The African Union, the Organization of Islamic Cooperation, the Non-Aligned Movement, and others often issue resolutions condemning Israeli aggression and calling for Palestinian rights. Civil society, NGOs, churches, student unions, human rights groups mobilize protests, education campaigns, boycott movements (BDS), and international pressure.

It is not enough to simply speak; Nigeria and other sympathizing nations must convert their words into concerted diplomatic campaigns, coordination of recognition efforts, funding of Palestinian state-building, and capacity support.
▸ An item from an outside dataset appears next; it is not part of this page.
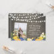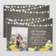 Celebre seu dia especial com este convite personalizado de aniversário de casamento com foto. Este design apresenta lindas flores azuis e amarelas e luzes de corda em um fundo de madeira rústica. Você pode personalizar o texto para qualquer ano. Substitua a foto de amostra pela sua própria foto. Suprimentos para festa combinando disponíveis na minha loja BaraBomDesign.

They should be fully prepared for Israeli and U.S. backlash;  Recognition of Palestinians state will provoke diplomatic, political, and economic pushback. States must be ready for reprisals or pressure.

Without shrinking they must preach strongly against division among Palestinian leadership and probable betrayals.  The goal must include the Implementation of a just border regime, settlement reversal, refugee right-of-return, security arrangements, transitional justice, all complexities must be addressed. And all thes  nations must know that recognition is strongest when paired with treaties, accession to international institutions, and enforcement mechanisms.

It will represent a new chapter of justice. The world must choose: does it continue to side with power or with principle? Condemnation of Israeli aggression, U.S. shielding, and infiltration masquerades must be matched by action, recognition, accountability, solidarity. Palestine is not a bargaining chip or spoiler; it is a victim of imposed injustice. Recognition is not a reward to Hamas or extremists, it is a restoration of rights to a people systematically denied them.

Let this generation be the one to grant Palestine full statehood not out of charity, but out of justice. Let recognition break the chains of impunity, dismantle the masquerades, and build a future where Israelis and Palestinians live in security, dignity, and equality.